Exercise inputs:
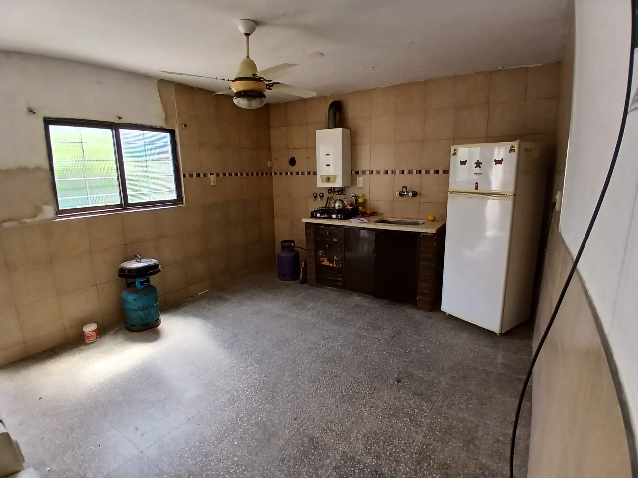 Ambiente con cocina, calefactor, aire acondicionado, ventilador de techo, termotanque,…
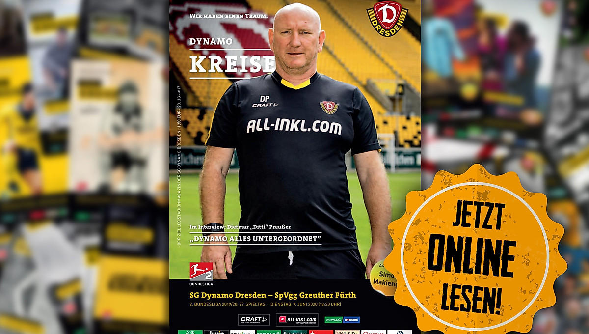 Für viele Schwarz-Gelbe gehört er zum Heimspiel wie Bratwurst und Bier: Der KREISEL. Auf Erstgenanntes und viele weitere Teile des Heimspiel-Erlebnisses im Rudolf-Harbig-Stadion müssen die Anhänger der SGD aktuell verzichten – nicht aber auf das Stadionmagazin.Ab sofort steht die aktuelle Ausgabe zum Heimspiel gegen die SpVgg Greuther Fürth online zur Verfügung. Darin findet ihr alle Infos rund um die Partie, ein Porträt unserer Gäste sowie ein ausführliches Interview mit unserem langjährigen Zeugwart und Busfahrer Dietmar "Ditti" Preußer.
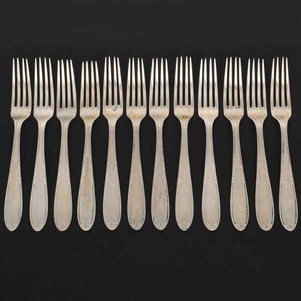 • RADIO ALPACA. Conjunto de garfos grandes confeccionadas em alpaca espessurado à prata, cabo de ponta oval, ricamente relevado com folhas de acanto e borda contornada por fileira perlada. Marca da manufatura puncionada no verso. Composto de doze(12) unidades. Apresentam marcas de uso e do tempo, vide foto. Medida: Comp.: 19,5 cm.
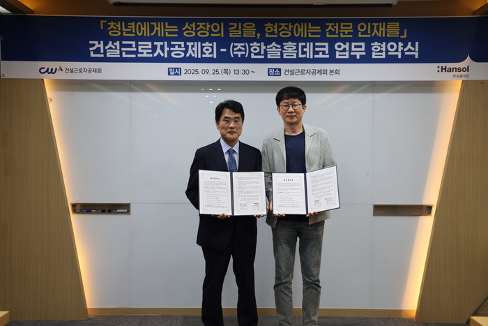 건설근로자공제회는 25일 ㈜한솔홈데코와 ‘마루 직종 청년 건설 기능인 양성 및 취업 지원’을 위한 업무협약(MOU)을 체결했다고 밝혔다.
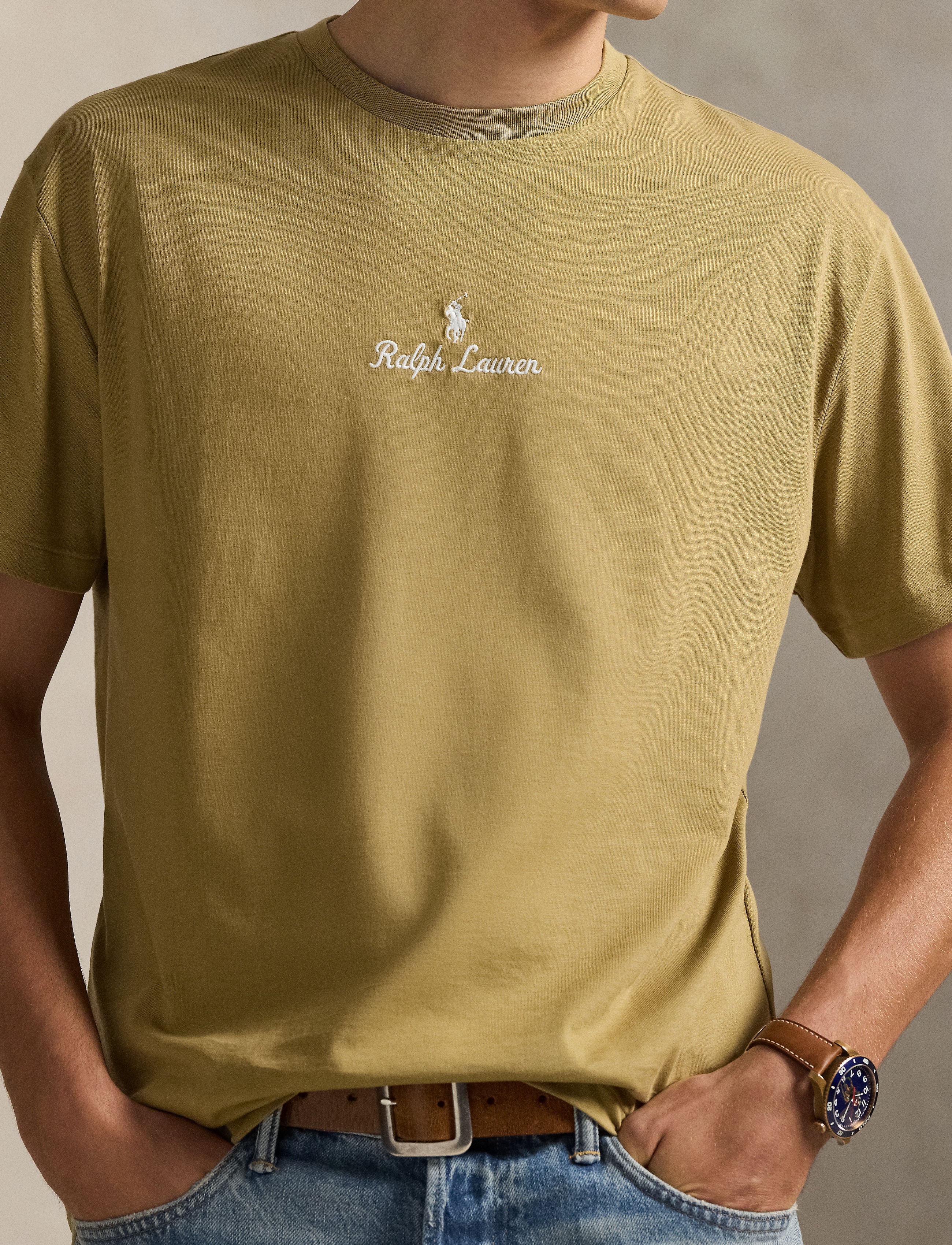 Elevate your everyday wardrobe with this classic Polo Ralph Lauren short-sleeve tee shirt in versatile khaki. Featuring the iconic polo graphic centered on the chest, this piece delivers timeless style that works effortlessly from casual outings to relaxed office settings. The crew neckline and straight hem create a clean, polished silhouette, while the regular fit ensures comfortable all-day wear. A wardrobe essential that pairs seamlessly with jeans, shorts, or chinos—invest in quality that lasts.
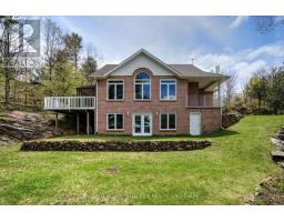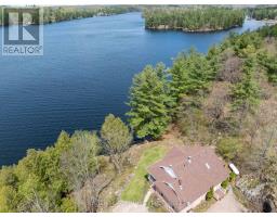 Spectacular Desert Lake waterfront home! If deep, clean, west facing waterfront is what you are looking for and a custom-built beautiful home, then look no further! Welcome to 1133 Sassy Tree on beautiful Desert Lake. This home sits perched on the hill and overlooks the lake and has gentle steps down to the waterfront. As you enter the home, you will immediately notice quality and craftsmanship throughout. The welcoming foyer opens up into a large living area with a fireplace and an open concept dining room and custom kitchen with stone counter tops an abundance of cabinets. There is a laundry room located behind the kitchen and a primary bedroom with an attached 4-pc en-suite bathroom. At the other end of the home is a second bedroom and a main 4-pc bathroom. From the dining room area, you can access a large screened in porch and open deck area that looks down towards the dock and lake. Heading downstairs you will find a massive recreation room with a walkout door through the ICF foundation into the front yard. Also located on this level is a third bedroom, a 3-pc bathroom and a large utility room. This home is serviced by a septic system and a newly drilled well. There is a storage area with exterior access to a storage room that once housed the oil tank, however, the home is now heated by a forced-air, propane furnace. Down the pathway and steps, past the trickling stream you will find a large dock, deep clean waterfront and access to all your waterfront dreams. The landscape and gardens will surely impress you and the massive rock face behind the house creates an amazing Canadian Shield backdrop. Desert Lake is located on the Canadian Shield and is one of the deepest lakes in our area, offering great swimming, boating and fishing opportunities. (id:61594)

Directions for this task: Print exactly the lines from the first line of the records above through the line containing "Elevate your everyday", both included, and leave the pictures out.

Answer space:
 Ambiente con cocina, calefactor, aire acondicionado, ventilador de techo, termotanque,…
 Für viele Schwarz-Gelbe gehört er zum Heimspiel wie Bratwurst und Bier: Der KREISEL. Auf Erstgenanntes und viele weitere Teile des Heimspiel-Erlebnisses im Rudolf-Harbig-Stadion müssen die Anhänger der SGD aktuell verzichten – nicht aber auf das Stadionmagazin.Ab sofort steht die aktuelle Ausgabe zum Heimspiel gegen die SpVgg Greuther Fürth online zur Verfügung. Darin findet ihr alle Infos rund um die Partie, ein Porträt unserer Gäste sowie ein ausführliches Interview mit unserem langjährigen Zeugwart und Busfahrer Dietmar "Ditti" Preußer.
 • RADIO ALPACA. Conjunto de garfos grandes confeccionadas em alpaca espessurado à prata, cabo de ponta oval, ricamente relevado com folhas de acanto e borda contornada por fileira perlada. Marca da manufatura puncionada no verso. Composto de doze(12) unidades. Apresentam marcas de uso e do tempo, vide foto. Medida: Comp.: 19,5 cm.
 건설근로자공제회는 25일 ㈜한솔홈데코와 ‘마루 직종 청년 건설 기능인 양성 및 취업 지원’을 위한 업무협약(MOU)을 체결했다고 밝혔다.
 Elevate your everyday wardrobe with this classic Polo Ralph Lauren short-sleeve tee shirt in versatile khaki. Featuring the iconic polo graphic centered on the chest, this piece delivers timeless style that works effortlessly from casual outings to relaxed office settings. The crew neckline and straight hem create a clean, polished silhouette, while the regular fit ensures comfortable all-day wear. A wardrobe essential that pairs seamlessly with jeans, shorts, or chinos—invest in quality that lasts.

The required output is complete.